それぞれの家庭の価値観や生活習慣を理解し、いつでも相談に乗れる体制を取っている

保護者の持つ価値観や生活習慣を尊重し、いつでも相談を受ける体制を取っている。園長は玄関の隣の事務室におり、送迎時は常に話かけやすい雰囲気を保ち、相談には保護者が子育ての喜びを感じるようなアドバイスをしている。集団生活の中で、子どもたちは様々な経験を積み重ねており、保護者と園の価値観を統一することは子どもにとって一番大切と保護者に伝えている。職員間で児童虐待対応マニュアル等の理解も進み、見守りの大切さや早期の発見が重要なことも共有しており、経験豊富なベテラン職員が多いため学びの継続が自然に行われている。


  サブカテゴリー6 事業所業務の標準化
  評価項目1 手引書等を整備し、事業所業務の標準化を図るための取り組みをしている 実施状況
  標準項目1 手引書(基準書、手順書、マニュアル)等で、事業所が提供しているサービスの基本事項や手順等を明確にしている
  標準項目2 提供しているサービスが定められた基本事項や手順等に沿っているかどうか定期的に点検・見直しをしている
  標準項目3 職員は、わからないことが起きた際や業務点検の手段として、日常的に手引書等を活用している
  評価項目2 サービスの向上をめざして、事業所の標準的な業務水準を見直す取り組みをしている 実施状況
  標準項目1 提供しているサービスの基本事項や手順等は改変の時期や見直しの基準が定められている
  標準項目2 提供しているサービスの基本事項や手順等の見直しにあたり、職員や保護者等からの意見や提案、子どもの様子を反映するようにしている
講評
法人本部作成のマニュアルに加え、園独自の手順書を用意している

法人作成の「保育マニュアル」は園長会議で年度初めに見直しをしている。手順書類は毎年の異動時期に精査して更新し、新人職員には主任やリーダー層が細部まで説明する時間を設けている。手順や内容は年度ごとに見直すのが基本だが必要があれば都度見直しを行っている。たとえば、行事などは子どもの姿を一番に考えて反省を行い、保護者アンケートの結果等も加味して柔軟に変更している。年度末には役割分担表を決定し、職員は役割に応じて計画的に業務を進めており、新型コロナウイルス感染症対策等では職員会議で取り上げ対応を徹底している。

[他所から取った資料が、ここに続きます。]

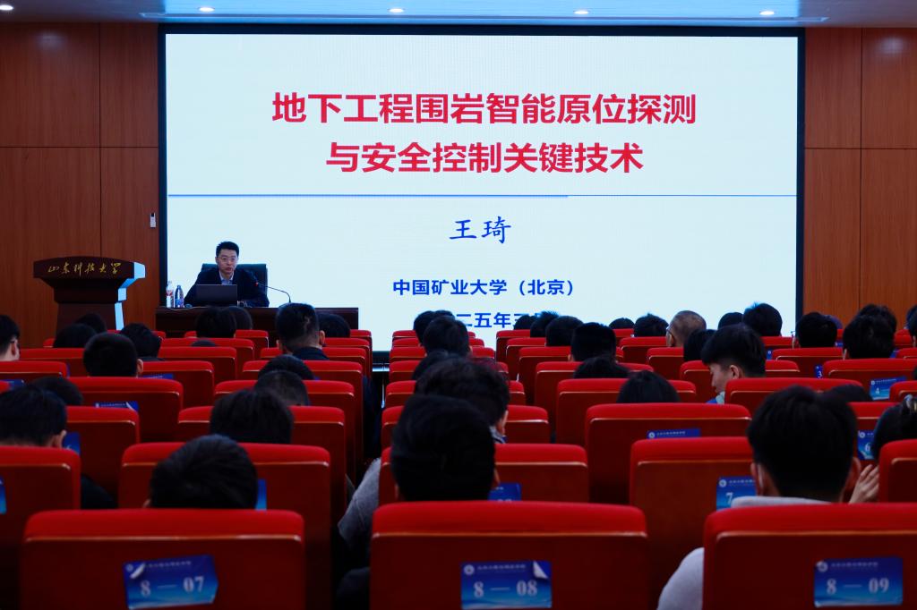王琦教授以“能源革命与人工智能的共生关系”为切入点,围绕“地下工程围岩智能原位探测与安全控制技术”主题,系统展示了团队在深部岩体力学行为分析、智能监测装备研发及工程应用中的创新成果,重点介绍了基于旋切钻进理论的数字解析钻头、岩体数字钻进测试系统等重大技术成果。讲座尾声,王琦教授深情回顾了在MK体育官网的求学经历,以“培育感恩传承”为主线,分享了导师对其科研道路的深远影响。王琦教授结合自身从员工到科研工作者的蜕变历程,勉励在场青年学子珍惜学习机会,深耕专业领域核心问题,让研究成果转化为技术进步的阶梯。

職員が意見交換し、お互いにフォローし合う中で安全に配慮した保育が行われている

手順に限らず職員の資質向上や標準化推進についても検討しており、現場の声を活かす手法で、結果として保育の充実につなげている。日常の保育の中で安全について職員の意識は高く、職員間で綿密に打ち合わせをし安全を確認してから保育を実施している。散歩時は出掛ける公園への道順や注意事項を職員が共有し、園庭の遊具や砂場、玩具の点検も入念に行っている。園長、主任は職員に対し明るく話しやすい雰囲気をつくっており、そうした中で、職員も自分の長所を活かし、率直な意見交換をするなど、フォローし合って日々の保育に取り組んでいる。